[LISTED ENTRIES Boundary: Start]

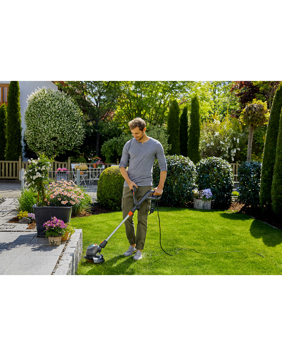Grazie alla funzione di bordatura, puoi tagliare in verticale per definire con precisione i bordi dei sentieri e dei aiuole e lungo le recinzioni.
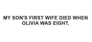 My granddaughter, Olivia, is 15 years old. Her mother, my son’s first wife, died when Olivia was eight. Cancer. The aggressive kind that doesn’t give you time to say proper goodbyes.
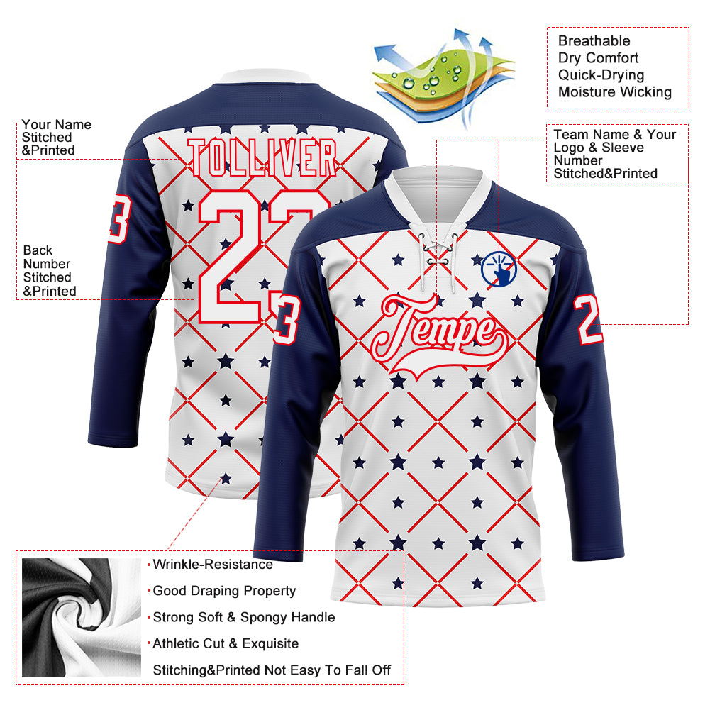 Custom White Navy-Fire Red American Flag Hockey Lace Neck Jersey
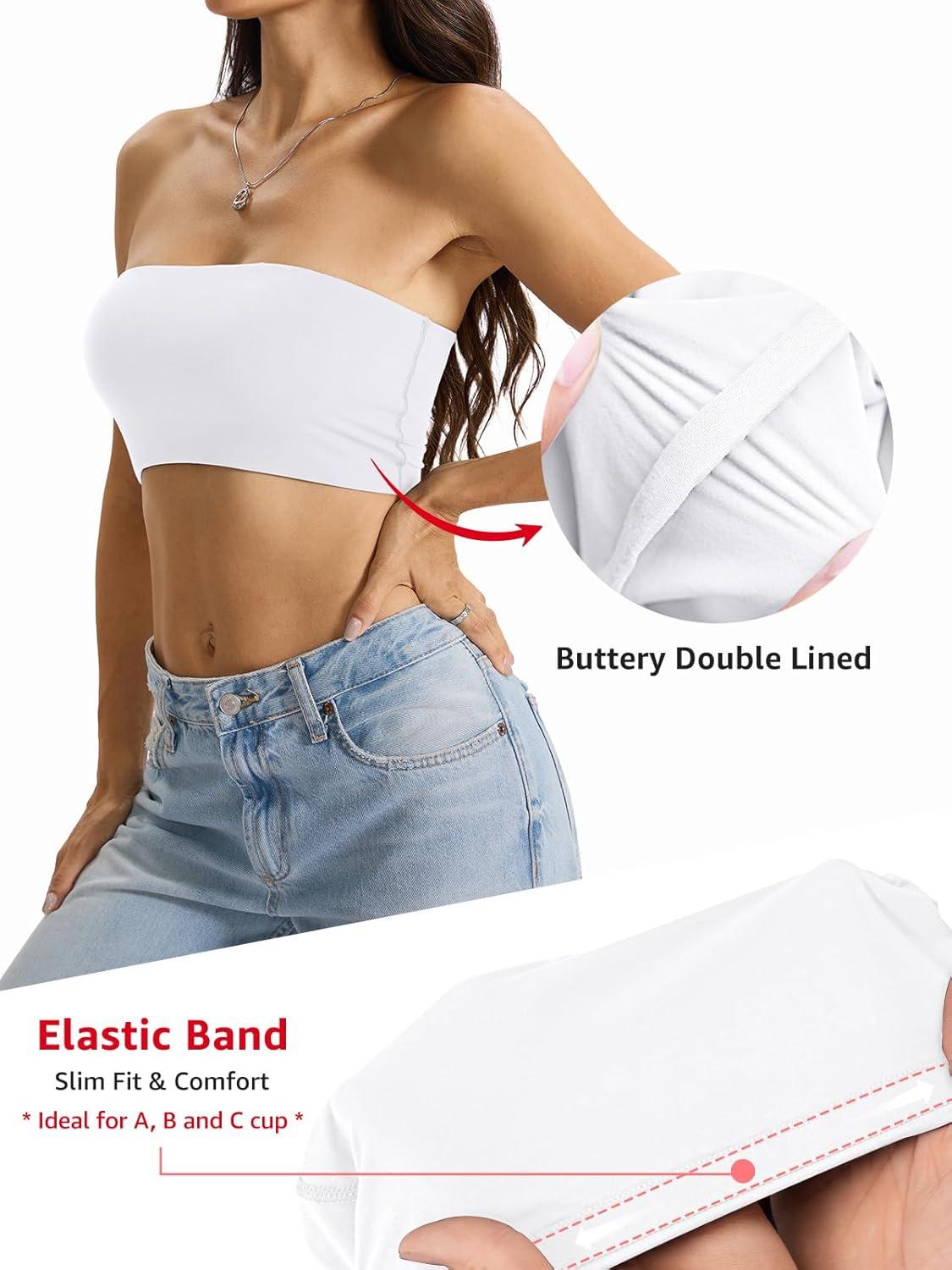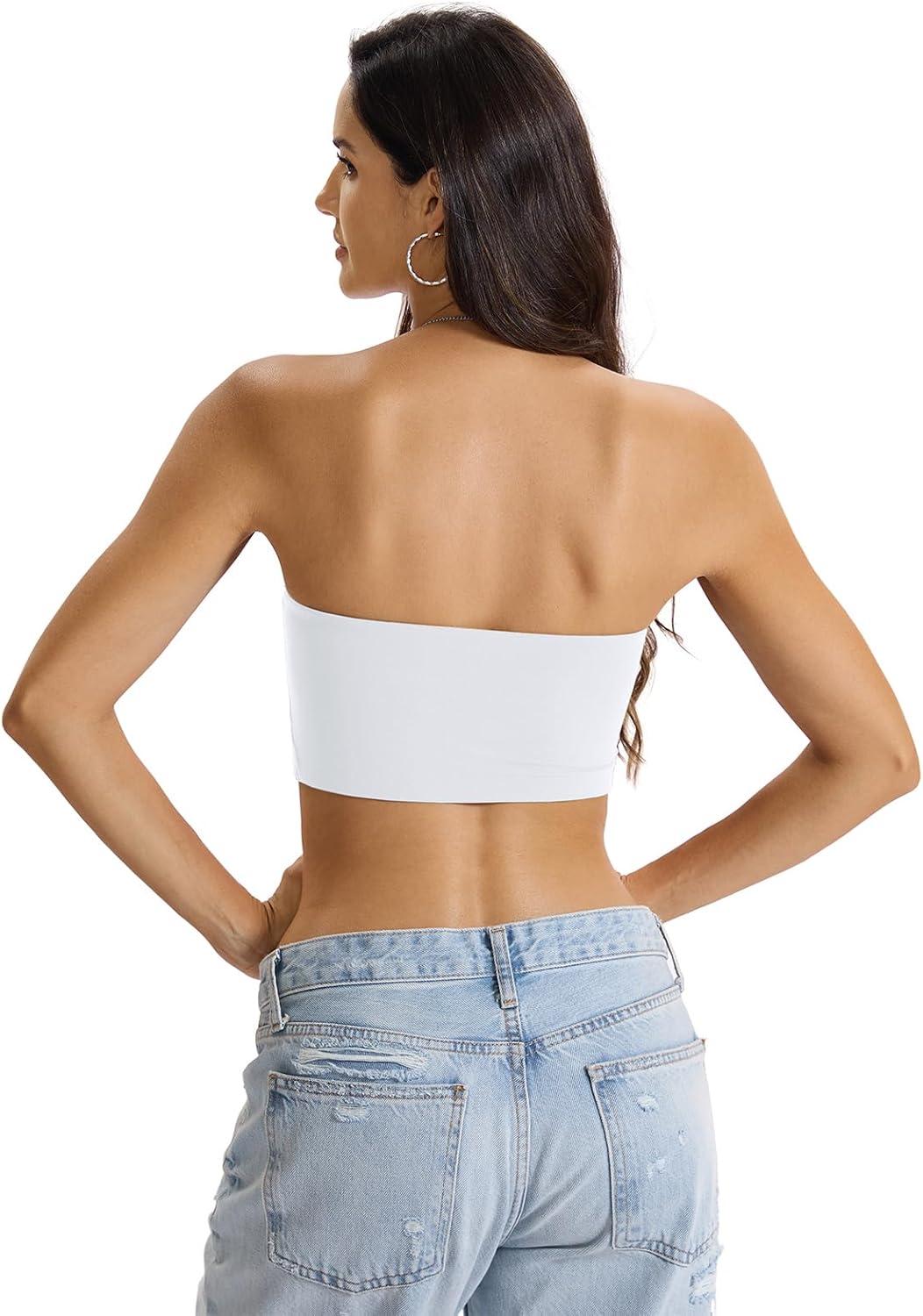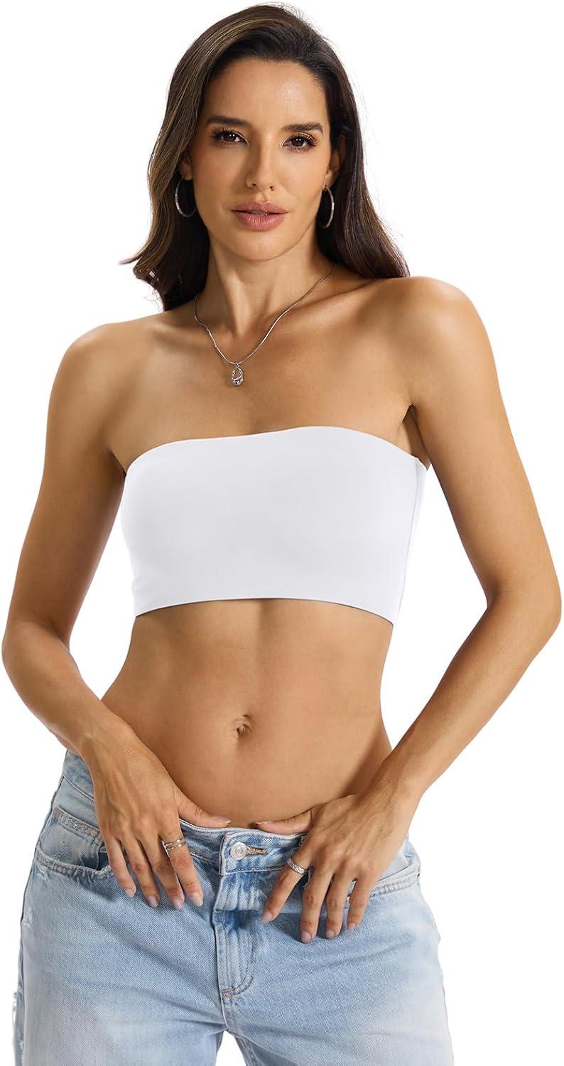 Womens Double Lined Tube Tops Crop Tank Top Non-Padded Strapless Bandeau Shirts Sexy Going Out Tops Summer 2026(Pure White)
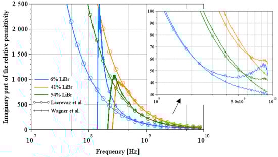 In Figure 11, we can see a complementarity in their area of validity. Indeed, Lacrevaz’s method gives consistent results from low frequencies up to a few GHz; when results diverge from theory, Wagner’s method becomes consistent. The same behavior can be seen in the results for LiBr water solutions in Figure 12. A summary of the values of the imaginary part of the permittivity of LiBr water solutions is given in Table 8. The last line of this table shows the percentage change in the imaginary part of the permittivity for LiBr mass concentrations ranging from 41% to 54%. The imaginary part of the permittivity reaches a variation of 37% (calculated by dividing the difference between its two extreme values by the central value) over a wide frequency band: from 10 MHz to almost 9 GHz. The development of a sensor detecting variations in the imaginary part of permittivity (or the conductivity) at a particular frequency within this frequency range is, therefore, conceivable.
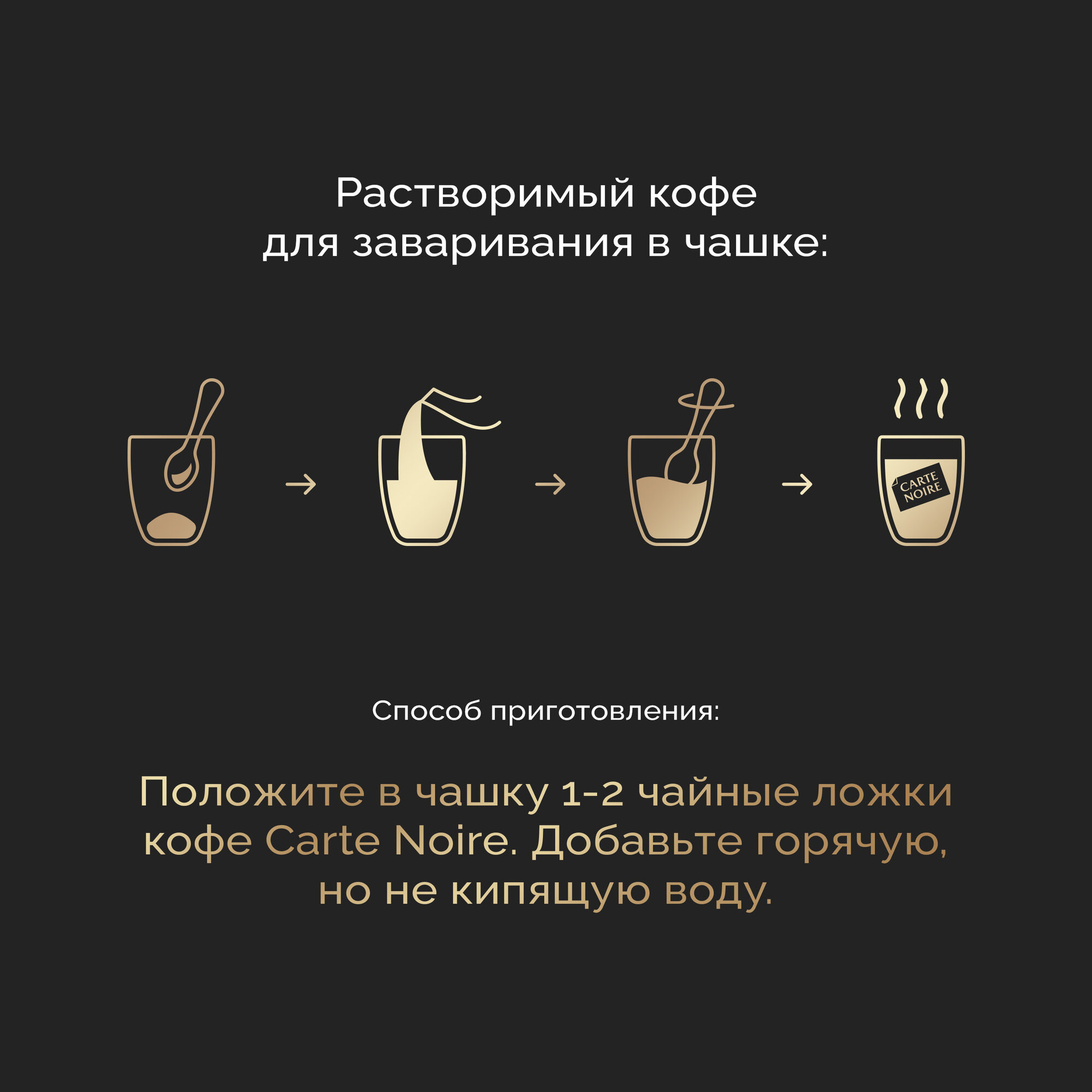 Кофе CARTE NOIRE имеет прекрасный, классический вкус кофе. Нет горчинки, перебора с крепостью, пьешь и наслаждаешься. Очент ароматный. Несмотря на то, что кофе просто заливаешь кипятком, а не варишь, запах на кухне сохраняется еще долго. Кстати, в жаркую погоду делаю холодный кофе и он прекрасно растворяется и в прохладной воде не оставаясь песчинками ни в чашке ни во рту.

[LISTED ENTRIES Boundary: End]

> PROMPT:
Your answer should be the lines above, word for word, from the line with "Custom White Navy-Fire" through the line with "In Figure 11, we", minus the pictures.

> PROBLEM SOLUTION:
 Custom White Navy-Fire Red American Flag Hockey Lace Neck Jersey
 Womens Double Lined Tube Tops Crop Tank Top Non-Padded Strapless Bandeau Shirts Sexy Going Out Tops Summer 2026(Pure White)
 In Figure 11, we can see a complementarity in their area of validity. Indeed, Lacrevaz’s method gives consistent results from low frequencies up to a few GHz; when results diverge from theory, Wagner’s method becomes consistent. The same behavior can be seen in the results for LiBr water solutions in Figure 12. A summary of the values of the imaginary part of the permittivity of LiBr water solutions is given in Table 8. The last line of this table shows the percentage change in the imaginary part of the permittivity for LiBr mass concentrations ranging from 41% to 54%. The imaginary part of the permittivity reaches a variation of 37% (calculated by dividing the difference between its two extreme values by the central value) over a wide frequency band: from 10 MHz to almost 9 GHz. The development of a sensor detecting variations in the imaginary part of permittivity (or the conductivity) at a particular frequency within this frequency range is, therefore, conceivable.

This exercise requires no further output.